= TASK REQUIREMENTS =
Within the listing that follows, reproduce exactly the lines starting at the line with "(a) Amino alcohols" and ending at the line with "ルームパンツ ガーゼコットン パジャマ", inclusive, and only those. Pictures are dropped.

= DATA RECORDS =
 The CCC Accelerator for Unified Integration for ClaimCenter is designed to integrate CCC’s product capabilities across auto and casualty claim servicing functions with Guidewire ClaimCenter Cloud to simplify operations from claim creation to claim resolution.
--
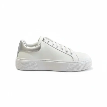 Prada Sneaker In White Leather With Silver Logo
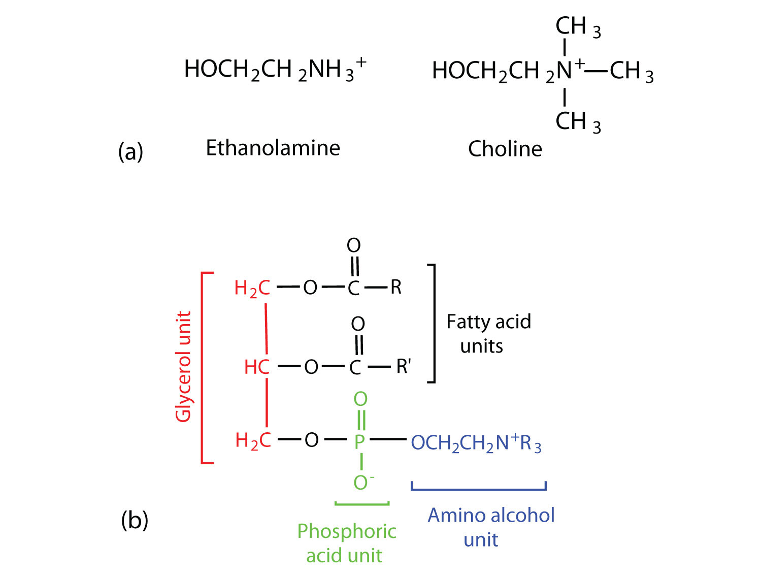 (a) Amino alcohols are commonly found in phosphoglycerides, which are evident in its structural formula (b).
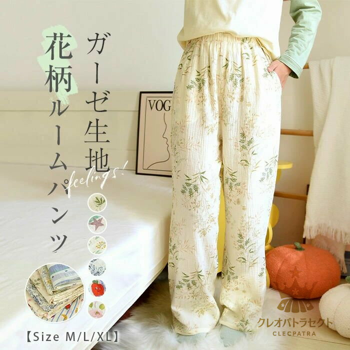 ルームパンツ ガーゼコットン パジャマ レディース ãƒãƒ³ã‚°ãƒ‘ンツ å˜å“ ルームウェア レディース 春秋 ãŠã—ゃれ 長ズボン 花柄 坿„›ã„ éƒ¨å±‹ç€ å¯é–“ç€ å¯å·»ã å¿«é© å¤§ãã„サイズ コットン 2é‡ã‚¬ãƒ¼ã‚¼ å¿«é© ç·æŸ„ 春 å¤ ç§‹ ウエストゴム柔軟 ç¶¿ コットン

= RESPONSE FOR THIS EXERCISE =
 (a) Amino alcohols are commonly found in phosphoglycerides, which are evident in its structural formula (b).
 ルームパンツ ガーゼコットン パジャマ レディース ãƒãƒ³ã‚°ãƒ‘ンツ å˜å“ ルームウェア レディース 春秋 ãŠã—ゃれ 長ズボン 花柄 坿„›ã„ éƒ¨å±‹ç€ å¯é–“ç€ å¯å·»ã å¿«é© å¤§ãã„サイズ コットン 2é‡ã‚¬ãƒ¼ã‚¼ å¿«é© ç·æŸ„ 春 å¤ ç§‹ ウエストゴム柔軟 ç¶¿ コットン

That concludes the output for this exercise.